What this task involves —
Retyped exactly and without pictures, the lines from the one with "除了公开价,更可以根据会员不" through the end of the listing must form the entire answer.

Dataset section —
....

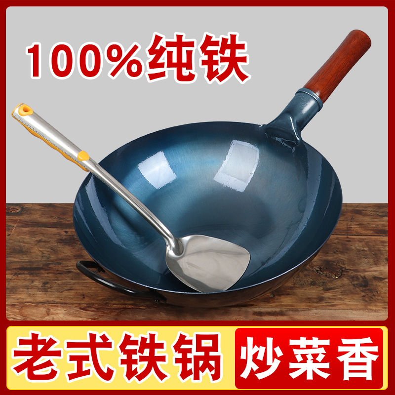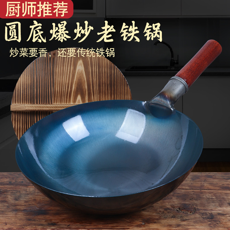 6B76 Zhangqiu same handmade pure iron pan old-fashioned round bottom iron pan household wok non-stick pan uncoated cooked iron
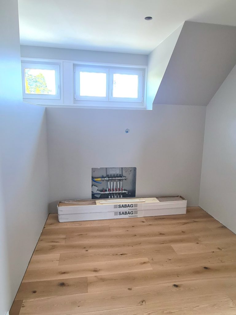 Au premier étage, il y a désormais deux chambres, un grand hall pouvant être utilisé comme bureau ou chambre d’amis et une salle de bain.
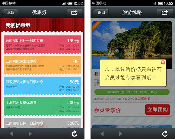 除了公开价,更可以根据会员不同的等级设计不同的价格体系;还能 将将一些针对老会员的特惠线路有选择的开放给某些会员看到;向会员发行不同价值的优惠卷,促进成交。
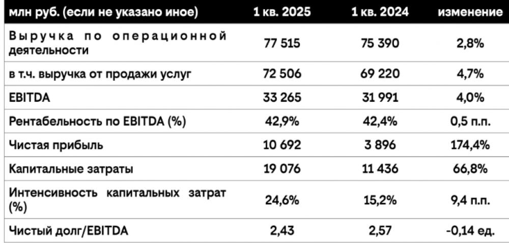 Согласно отчету, выручка по операционной деятельности компании достигла 77,5 млрд руб., увеличившись на 2,8% год к году. Данный результат обусловлен ростом на 4,7% сервисной выручки от продажи услуг. Прибыль по показателю EBITDA выросла на 4% — до 33,3 млрд руб. год к году.

....

Result below —
 除了公开价,更可以根据会员不同的等级设计不同的价格体系;还能 将将一些针对老会员的特惠线路有选择的开放给某些会员看到;向会员发行不同价值的优惠卷,促进成交。
 Согласно отчету, выручка по операционной деятельности компании достигла 77,5 млрд руб., увеличившись на 2,8% год к году. Данный результат обусловлен ростом на 4,7% сервисной выручки от продажи услуг. Прибыль по показателю EBITDA выросла на 4% — до 33,3 млрд руб. год к году.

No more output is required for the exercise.